| DIRECTIONS FOR THIS TASK |
All of the data should be given again word for word, though the images are to be left out.

┏━━

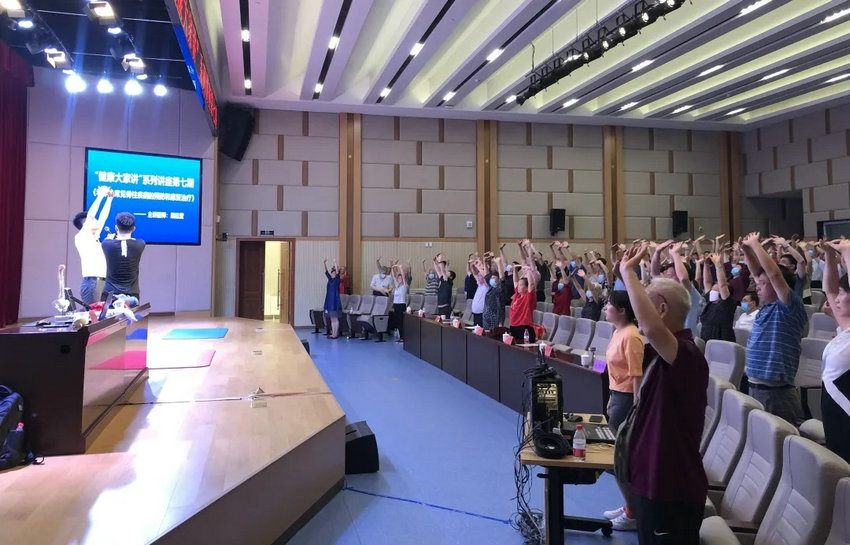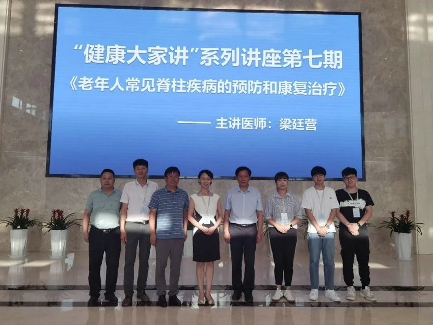 梁廷营副主任为大家带来题为《老年人常见脊柱疾病的预防和康复治疗》专题讲座,分别从骨质疏松、颈椎病、腰椎间盘突出三种老年人易患疾病进行了深入浅出的讲解。针对老年人随着年龄增长骨骼硬度降低、身体机能减退的现象,梁廷营副主任也科普了如何正确摄入钙和维生素D、骨质疏松的防治建议、治疗颈椎病小妙招以及腰椎间盘突出患者的日常活动注意事项。讲座结束时,梁廷营副主任带领大家一起练习“路式八段锦”,获得了现场老干部学员的一致好评。统计结果显示,当天现场有100余人参加本次线下活动,13万人进行了线上观看并积极互动,本次讲座暨义诊活动取得了良好效果。
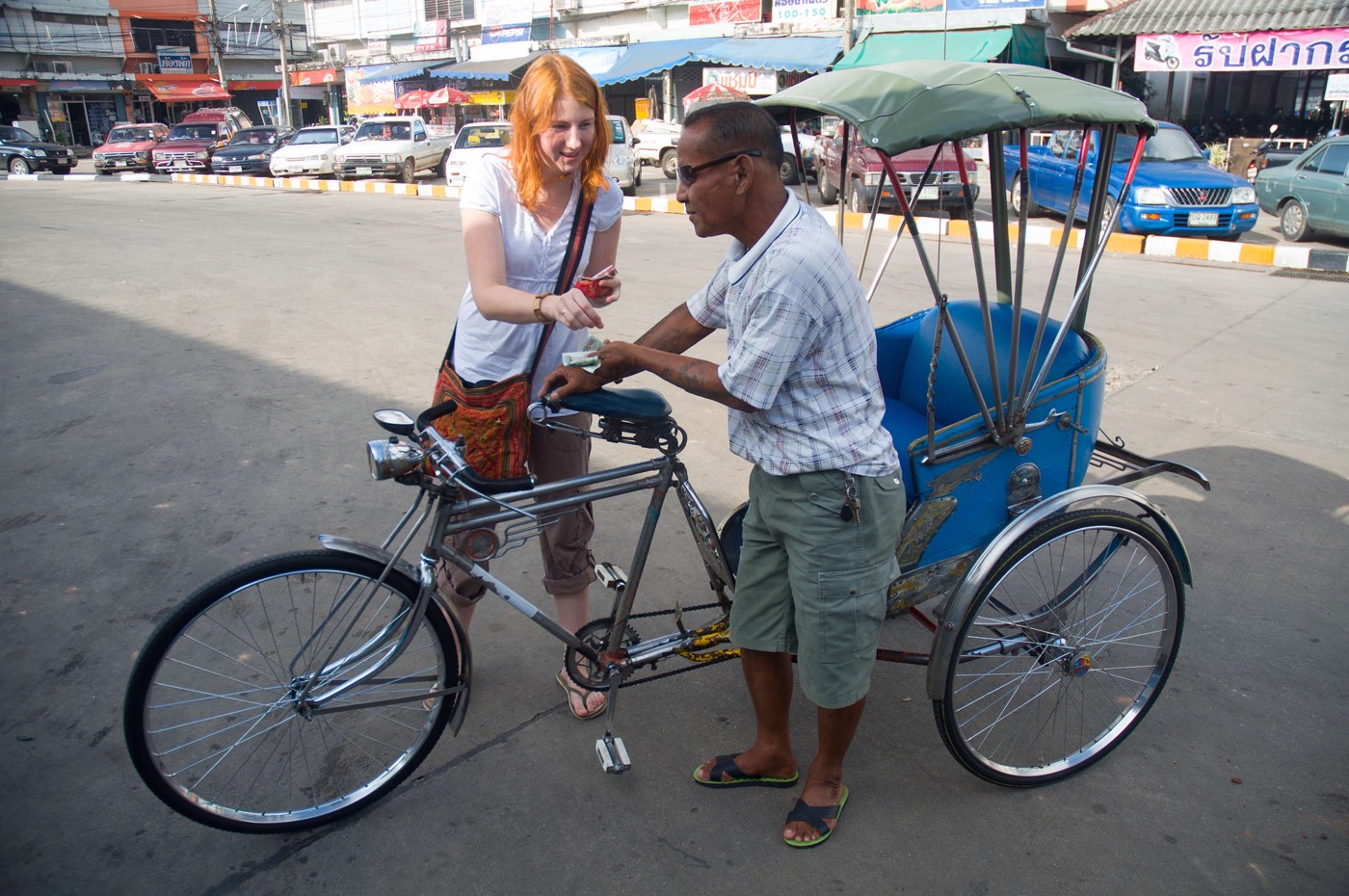 Pie šī paša cilvēka sarunājām arī rīdienas braucienu pāri Laosas robežai. Būtībā nav nekāda problēma pašiem tikt pāri, bet par ekvivalentu summu saņēmām braucienu ar auto līdz upei, biļeti uz prāmi, ārpus rindas “immigration checkout”, taksi otrā pusē uz 10km attālo autoostu, un pašu biļeti. Īsi sakot ietaupīts laiks.
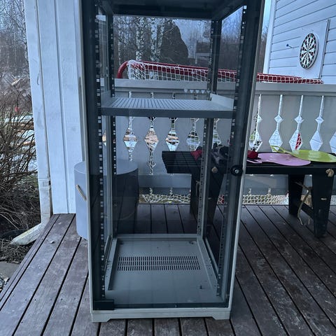 Scanfil metallinen laitekaappi ja sisältö ristikytkentöjä varten. Kaapin koko: korkeus 80,5 cm, leveys 59,8 cm, syvyys 54,5 cm. Kaappi on seinään kiinnitettävä, lukittava ja sisältää kaksi avainta. Otettu käyttöön 2011. Sisällä kytkentäpaneelit HP 1810-24G Switch J9803A. 24 porttia.
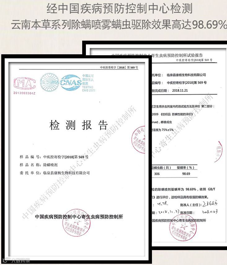 经过中国疾控预防控制中心检测,除螨喷雾剂的除螨抑螨效果可达到98.69%,喷完10秒之后,螨虫进入深度休克。
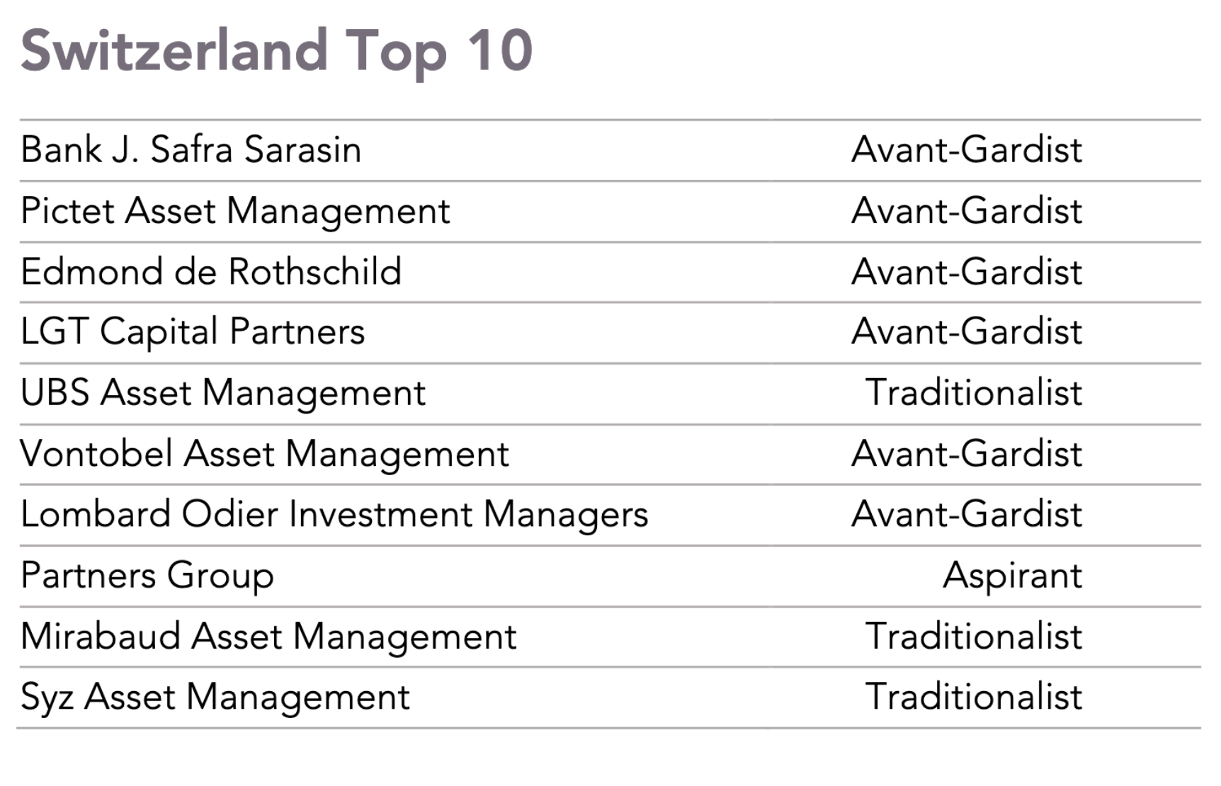 Das Asset Management der UBS, die Schweizer Marktführerin, hat es laut der Studie dank ihrem hohen Engagement für Nachhaltigkeit in die Top-Ten gebracht, dies allerdings als Traditionalistin. Die UBS-Erzrivalin Credit Suisse hingegen schaffte es nicht in die Auswahl.
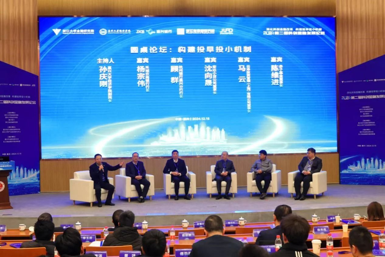圆桌论坛环节,禾城农商银行行长杨宗伟、杭州银行嘉兴分行行长顾群、宏达小贷公司董事长沈向晟、云泽投资管理(上海)有限公司董事长马云、赤子基金董事长陈维进五位嘉宾从自身行业领域视角,围绕“构建投早投小机制”,分享了典型案例与工作实绩,并就解决当前投早投小的难点、堵点、卡点提出了新颖独到的观点和建议,引起与会成员的强烈共鸣和得到大家一致认同。圆桌论坛由必赢线路检测中心副院长孙庆刚教授主持。
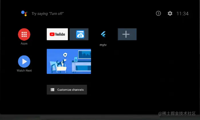 一个打算在电视设备上运行的应用程序必须在其清单中声明一个电视的启动器活动。它使用LEANBACK_LAUNCHER意图过滤器来实现这一点。该过滤器将您的应用程序识别为已启用电视,并让Google Play将其识别为电视应用程序。当用户在电视主屏幕上选择您的应用时,该意图会识别要启动的活动。

┗━━

| RESPONSE BOX |
 梁廷营副主任为大家带来题为《老年人常见脊柱疾病的预防和康复治疗》专题讲座,分别从骨质疏松、颈椎病、腰椎间盘突出三种老年人易患疾病进行了深入浅出的讲解。针对老年人随着年龄增长骨骼硬度降低、身体机能减退的现象,梁廷营副主任也科普了如何正确摄入钙和维生素D、骨质疏松的防治建议、治疗颈椎病小妙招以及腰椎间盘突出患者的日常活动注意事项。讲座结束时,梁廷营副主任带领大家一起练习“路式八段锦”,获得了现场老干部学员的一致好评。统计结果显示,当天现场有100余人参加本次线下活动,13万人进行了线上观看并积极互动,本次讲座暨义诊活动取得了良好效果。
 Pie šī paša cilvēka sarunājām arī rīdienas braucienu pāri Laosas robežai. Būtībā nav nekāda problēma pašiem tikt pāri, bet par ekvivalentu summu saņēmām braucienu ar auto līdz upei, biļeti uz prāmi, ārpus rindas “immigration checkout”, taksi otrā pusē uz 10km attālo autoostu, un pašu biļeti. Īsi sakot ietaupīts laiks.
 Scanfil metallinen laitekaappi ja sisältö ristikytkentöjä varten. Kaapin koko: korkeus 80,5 cm, leveys 59,8 cm, syvyys 54,5 cm. Kaappi on seinään kiinnitettävä, lukittava ja sisältää kaksi avainta. Otettu käyttöön 2011. Sisällä kytkentäpaneelit HP 1810-24G Switch J9803A. 24 porttia.
 经过中国疾控预防控制中心检测,除螨喷雾剂的除螨抑螨效果可达到98.69%,喷完10秒之后,螨虫进入深度休克。
 Das Asset Management der UBS, die Schweizer Marktführerin, hat es laut der Studie dank ihrem hohen Engagement für Nachhaltigkeit in die Top-Ten gebracht, dies allerdings als Traditionalistin. Die UBS-Erzrivalin Credit Suisse hingegen schaffte es nicht in die Auswahl.
圆桌论坛环节,禾城农商银行行长杨宗伟、杭州银行嘉兴分行行长顾群、宏达小贷公司董事长沈向晟、云泽投资管理(上海)有限公司董事长马云、赤子基金董事长陈维进五位嘉宾从自身行业领域视角,围绕“构建投早投小机制”,分享了典型案例与工作实绩,并就解决当前投早投小的难点、堵点、卡点提出了新颖独到的观点和建议,引起与会成员的强烈共鸣和得到大家一致认同。圆桌论坛由必赢线路检测中心副院长孙庆刚教授主持。
 一个打算在电视设备上运行的应用程序必须在其清单中声明一个电视的启动器活动。它使用LEANBACK_LAUNCHER意图过滤器来实现这一点。该过滤器将您的应用程序识别为已启用电视,并让Google Play将其识别为电视应用程序。当用户在电视主屏幕上选择您的应用时,该意图会识别要启动的活动。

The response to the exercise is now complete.